Cross-country studies
Five publications include samples from two or more European countries, four of them compare two countries in terms of knowledge about evolution (Croatia and Slovenia: Kralj et al. 2018; Germany and Turkey: Graf and Soran 2010; Belgium and the Netherlands: Pinxten et al. 2020) or with a focus on misconceptions (Germany and Sweden: Göransson et al. 2020; Belgium and the Netherlands: Pinxten et al. 2020). One study compares four countries regarding knowledge about evolution (Czech Republic, Slovakia, Slovenia, and Turkey: Šorgo et al. 2014).
Altogether, results of 15 different European countries on evolutionary knowledge were documented in the current review. In only three of these countries three or more publications are discovered (Germany: 11, Greece: 7, Turkey: 9; see Fig. 1). This implies that there is only few or even no information available concerning knowledge about evolution in most European countries. Thus, evolution education research in Europe should fill this gap in the future by conducting cross-country studies on a comparable target group by use of the same instrument and providing evidence for local validity.
Acceptance of evolution
School students
Our review resulted in ten studies focusing on acceptance of evolution of school students that were discovered in six countries (Austria: 1, France: 1; Germany: 5, Italy: 1, Turkey: 1, the United Kingdom: 1), gathered with eight different instruments (MATE and self-developed).
Evolution acceptance in school students is rather high in three European countries (Germany: Beniermann 2019; Fenner 2013; Konnemann et al. 2016; the United Kingdom: Mead et al. 2018; Italy: Rufo et al. 2013). In three countries, studies reported moderate acceptance (Germany: Konnemann et al. 2016; Lammert 2012), mixed attitudes towards evolution (Austria: Eder et al. 2011) or even rejection (Turkey: Köse 2010) for this sampling group. The conflicting results for Germany support an issue, which has also been found in previous studies (e.g., Barnes et al. 2019; Mead et al. 2019; Smith et al. 2016): besides other reasons, the application of different measuring instruments can lead to inconsistent results. Konnemann et al. (2016) used a self-developed instrument as well as the MATE, reporting moderate acceptance of evolution for the MATE and at the same time positive attitudes towards evolution for a great majority of the students (87.6%) based on the self-developed instrument. In both studies that revealed moderate acceptance (Konnemann et al. 2016; Lammert 2012), the MATE was used. Beniermann (2019) and Fenner (2013), who reported rather high acceptance, used self-developed measurement instruments.

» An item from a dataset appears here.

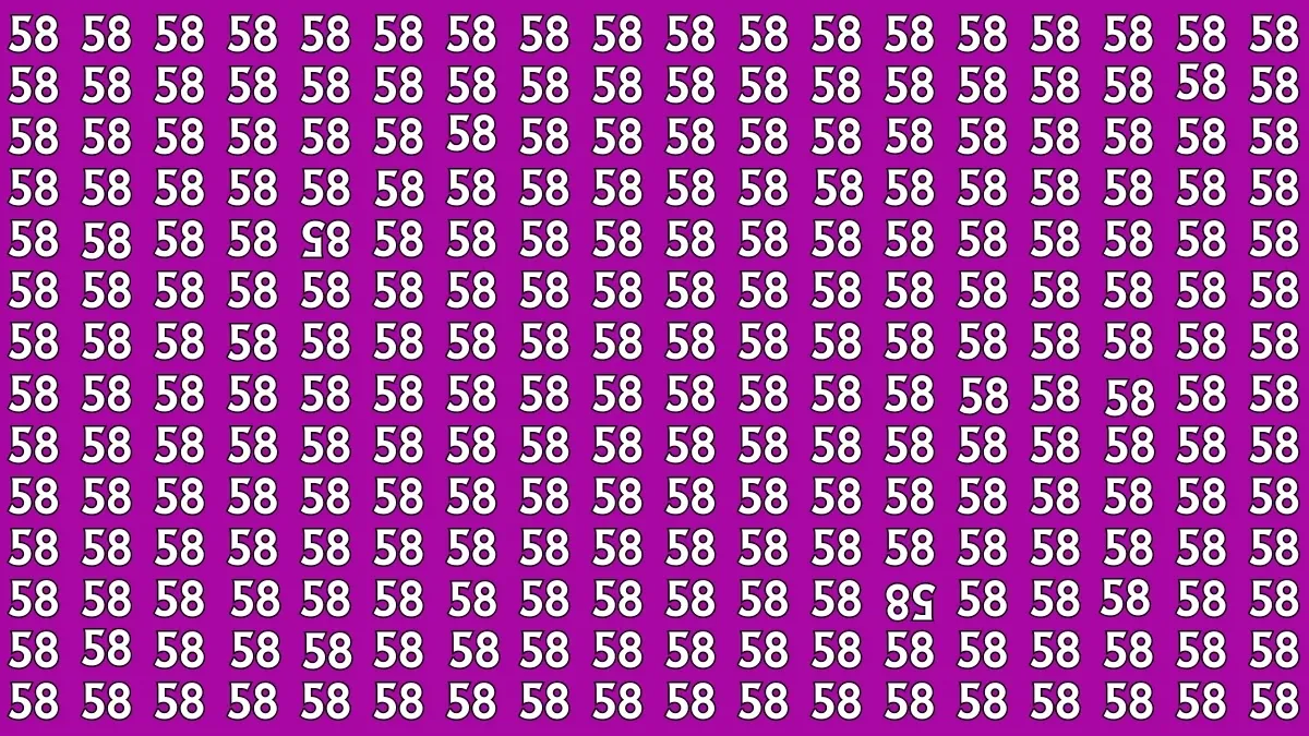It is a field of repeating 58s that you are provided with in this optical illusion. There are a couple of devious trespassers within it, one 85 and the other 58 inverted. You have to do it in less than 8 seconds. It is even more challenging by the short time time constraint since your brain does not have the time to slow down and look at each figure digit by digit. You are forced to survive by using quick scan images, recognition, and attention. It is a real ordeal of mental quickness and visual precision.

The results show that only a few school students in Europe seem to reject evolution. Predominant rejection occurred only in one Turkish study (Köse 2010), where evolution was recently banned from textbooks (Genç 2018). Although there is only one study on Turkish school students, the results shown by Köse (2010) are in accordance with results of studies on Turkish pre-service teachers (e.g., Akyol et al. 2012; Deniz and Sahin 2016; Graf and Soran 2010).
University students
Only five studies on university students who are not pre-service teachers, were reported in four countries (Germany, Spain, Turkey, and the United Kingdom), gathered with five instruments (I-SEA and self-developed). According to the authors, in all samples surveyed students largely accept evolution (Germany: Beniermann 2019; Spain: Gefaell et al. 2020; Turkey: Annaç and Bahçekapili 2012; the United Kingdom: Betti et al. 2020; Southcott and Downie 2012). Despite the fact that this is generally good news, the explanatory power of a total of five studies is pretty low. More research on university students would be necessary to strengthen this tendency.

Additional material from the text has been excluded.